❁✿✾ 落 花 流 水 小 噺 ✾✿❁︎/イケメン戦国
第4章 掌中の珠 前編
(臣くん鴇くんは林檎ジュース出してあげるとして……光秀さんはやっぱりお酒かな。誕生日前だし、子供達が寝た後に二人で少し飲んだりしたいな)
今日一日、今までにない体験をした子供達は恐らく湯浴みで身体が温まった後は、眠くなって寝てしまうだろう。特に光鴇辺りは元気な素振りを見せていたが、時折目をこする仕草を見せていた。息子二人が眠った後は、光秀も気兼ねなく酒を飲める筈だと考えた凪が、何か夜に二人で飲めるものを用意しようとキッチンの方へ向かう。その途中、備え付けのバーカウンターを目にして立ち止まり、そこに置かれていたメニューや冊子を手にした。
「これ、ルームサービスのメニューだ。先におつまみ頼んでおいてもいいかも。こっちは……」
軽食から重めのものやドリンク類まで、様々なメニューが記載されている白地にブラウンの文字が印字されたシンプルなそれへ目を通す。仮に少し酒を嗜むならば、肴になるものを注文しておこうと考えて手前にメニューを置いた。次いで目に入ったのは、様々なカクテルの作り方が載っている冊子である。
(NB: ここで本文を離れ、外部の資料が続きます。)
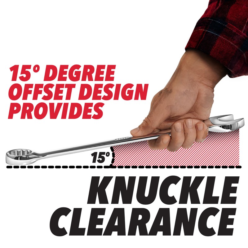 - 15 Degree Offset Box End: Work easier in tight spaces with our 15° Offset Box End. Less busted knuckles, and cleaner fastener work.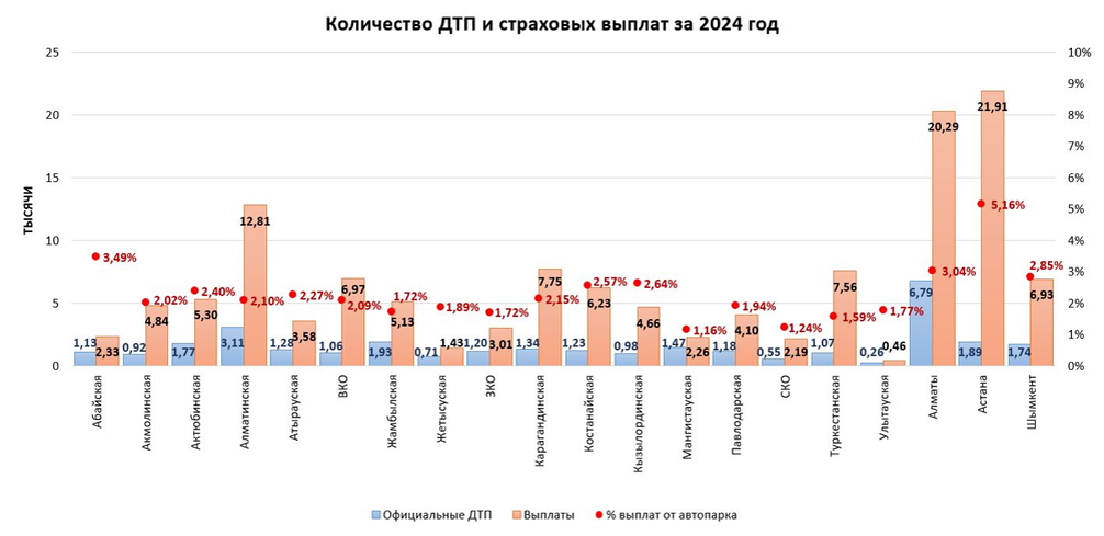 В 2024 году казахстанские страховые компании в рамках обязательного автострахования (ОГПО ВТС) осуществили 131 502 выплаты пострадавшим в ДТП, сообщает пресс-служба СК «Евразия» со ссылкой на данные аналитиков компании. Речь идет о выплатах, осуществленных в 2024 финансовом году, по данным ГКБ. Поскольку страховая выплата происходит с задержкой от даты страхового случая, в статистику попадает часть ДТП конца 2023 года. При этом сопоставимое количество ДТП конца 2024 года попадет в статистику следующего года. В 2024 году наибольшее количество выплат водителям пострадавших транспортных средств было произведено так же, как и годом ранее, в Астане – 21 913, следом идут автовладельцы из Алматы – 20 289 выплат. На третьем месте по выплатам – автомобили, зарегистрированные в Алматинской области – 12 813. При этом, по данным Генеральной прокуратуры РК, в 2024 году было зарегистрировано 31 597 ДТП на дорогах Казахстана, из них 1 950 – со смертельным исходом. Всего же в прошлом году в ДТП постра

色合いの美しいカクテルグラスが表紙に載っているそれを開くと、案外細かに作り方や道具の使い方が記されていて、写真付きである為初心者でも見様見真似で作れそうな雰囲気だ。
(オプションでバーテンダーさんも派遣出来るみたいだけど、人が居たらちょっと恥ずかしいというか、気まずいかもだし)
さすが最高級ルームというべきか、ホテルに併設されているバーから直接バーテンダーを呼んで、この部屋でプライベートバーを楽しめる仕様も用意されているが、それだと光秀がというよりも凪自身が落ち着かない気がする。難しい表情を浮かべた彼女が、試しにバーカウンターの前に立つと、下部の収納に専用の道具が清潔な状態で収められているのを見た。
(そっか、バーテンさんを呼べるって事は道具も全部揃ってるって事だもんね)
室内に備え付けられている冷蔵庫とは別にある、カウンター下の冷蔵庫内には様々なリキュールなどが揃っており、氷やグラスも専用のものがしっかりと用意されている。